In history, there is only interpretation of past events -- and while one can certainly hypothesize within a certain historical context, it is hard to imagine that such hypotheses can be regularly repeated by other historians.

The second complicating issue is considerably more problematic as it is intimately related to the peculiarities of the human condition. When asked why the mythological image of Galileo's tale persists in our popular culture despite much acknowledged evidence to the contrary, Lindberg stated: "Myths make a better story."

Indeed, the power of myth is a well-studied phenomenon, and regular mythologizing seems to be an inherent human need consistently exhibited since prehistoric times.

Perhaps, I suggested to Prof. Lindberg after the lecture, you're fighting an uphill battle. Perhaps the details of the particularities of Galileo's case were somehow unimportant and that if Galileo had not lived, he would have had to have been invented.

Furthermore, might it not be the case that the myth of Galileo has objectively done far more for humanity (through inspiring scientists to make beneficial scientific progress) than any information about the historical truth might do?

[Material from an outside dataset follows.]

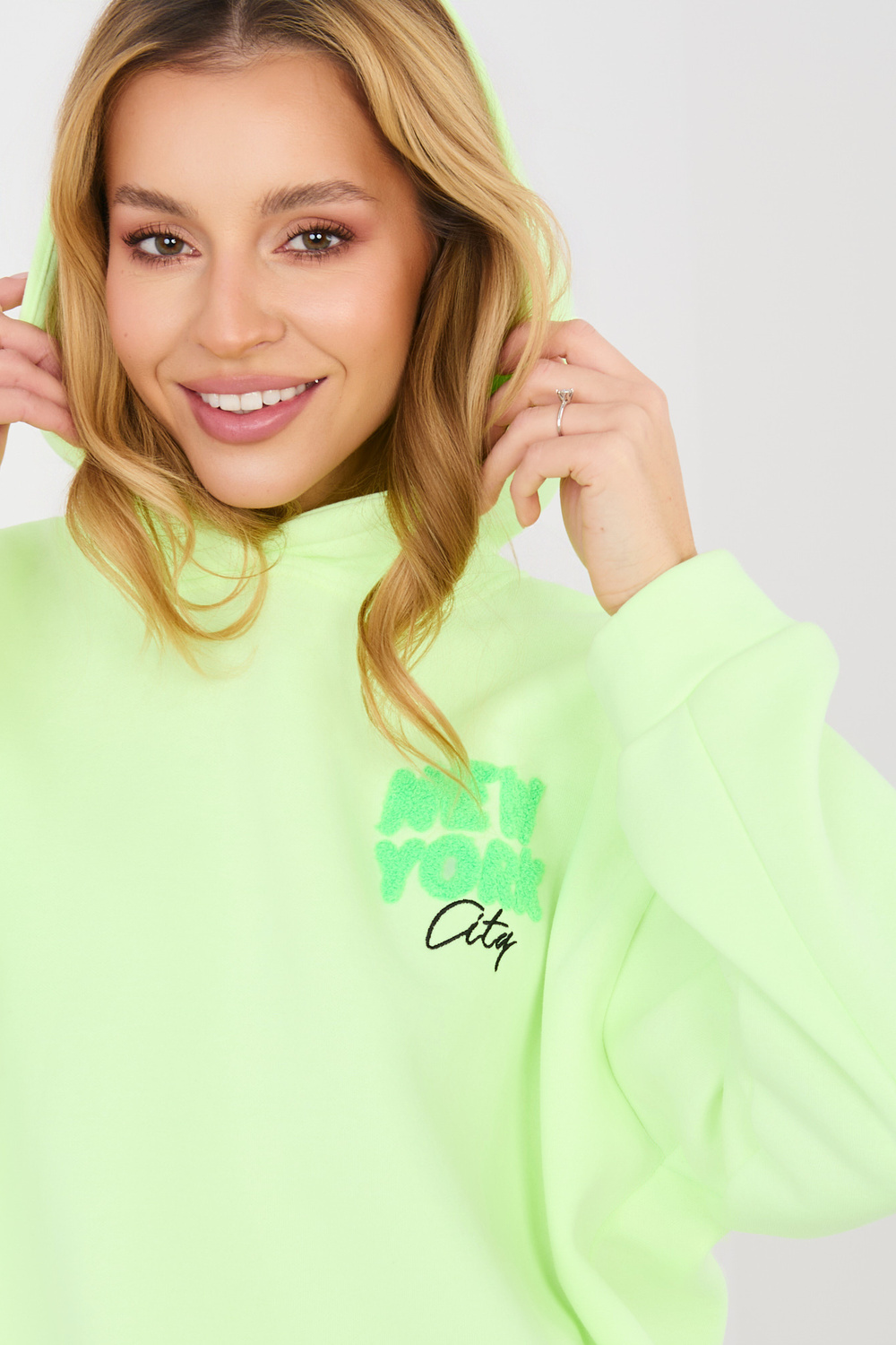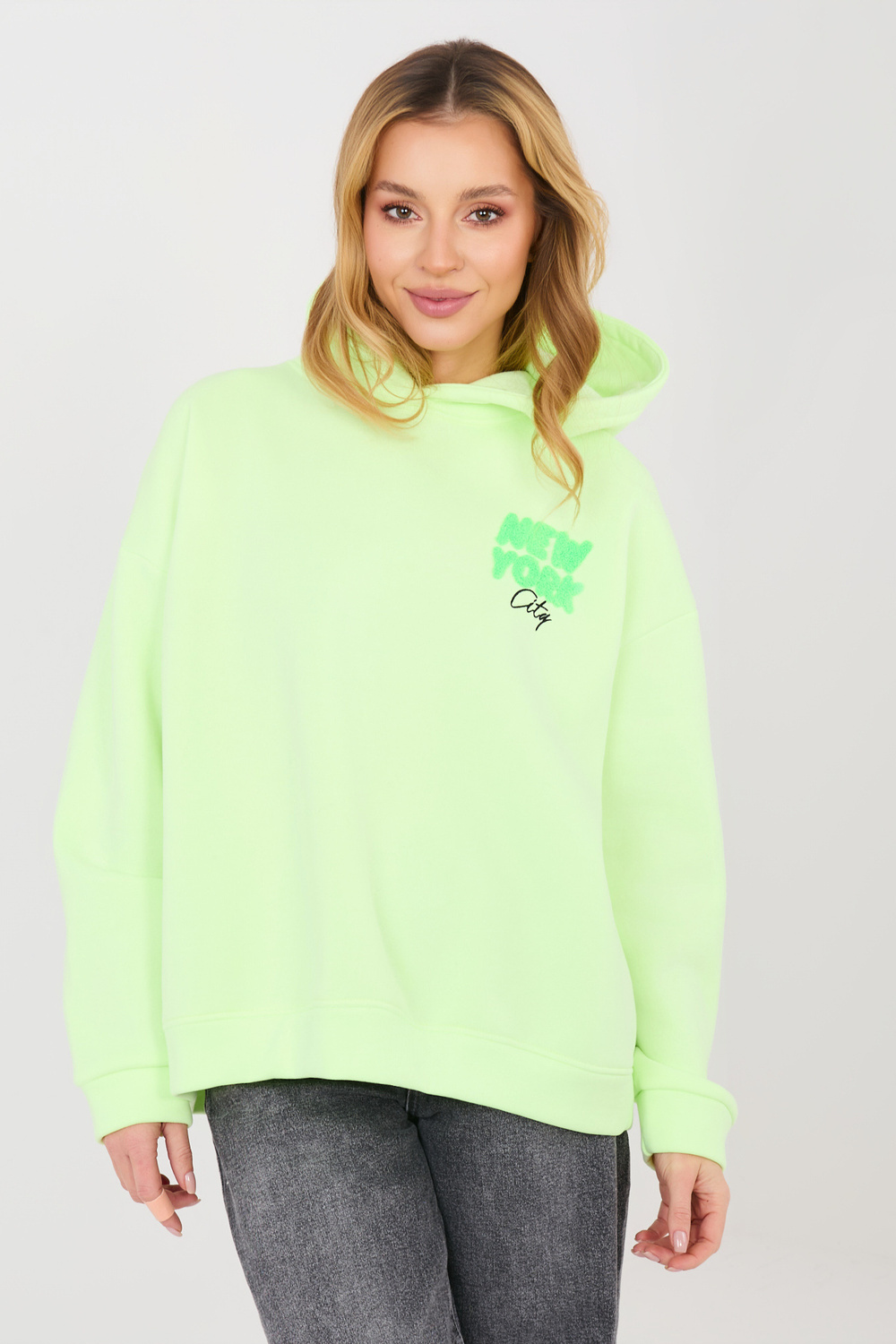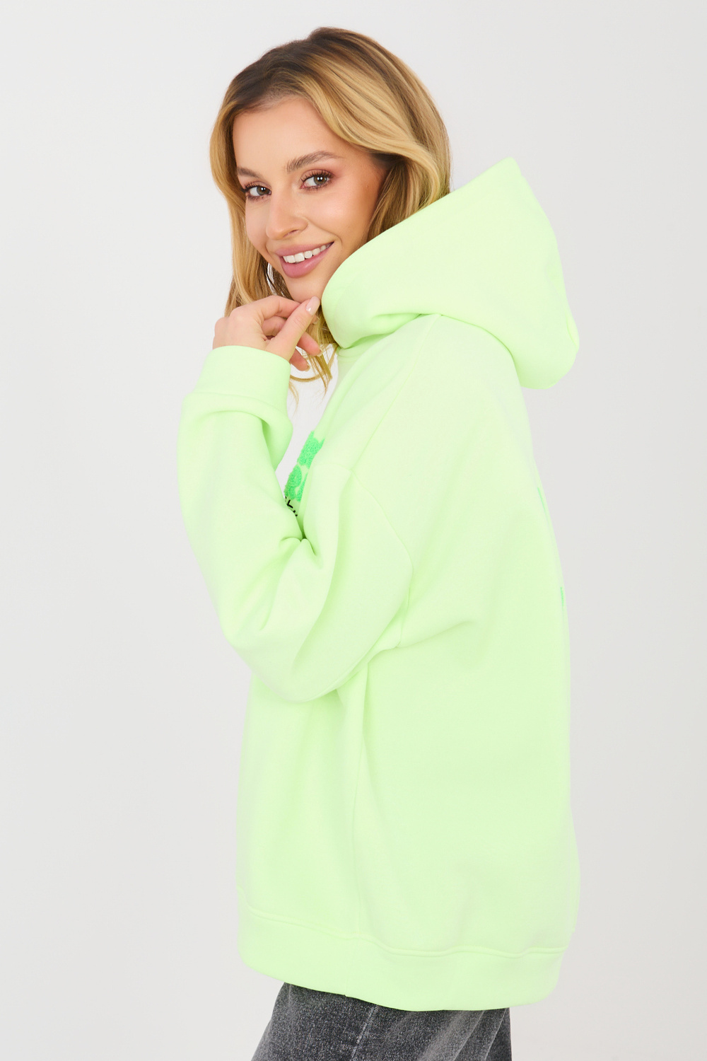 Modelis valkā viena izmēra apģērbu. Modeļa izmēri: augums 169 cm, krūtis 88 cm, viduklis 68 cm, gurni 89 cm .

This was clearly not the first time Lindberg was confronted with this sort of reasoning, and he recognized the rocky shoals immediately -- indeed steered himself precipitously closer to them. Yes, he agreed, it was a problem. In fact, it got worse: imagine a hypothetical scenario where it could be proved that knowledge of the truth of a set of circumstances would somehow do far more damage (death, disease and so forth) than ignorance. Is it still the historian's obligation to reveal the truth?

He admitted that the majority of his colleagues would unhesitatingly take this view --- their job is to unveil the truth and any self-censorship that would detract from this mandate was simply unacceptable. For him, on the other hand, things were not quite that simple and he would have to seriously think about the consequences.

Perhaps that old dictum says it best: the simple truth is seldom true and never simple.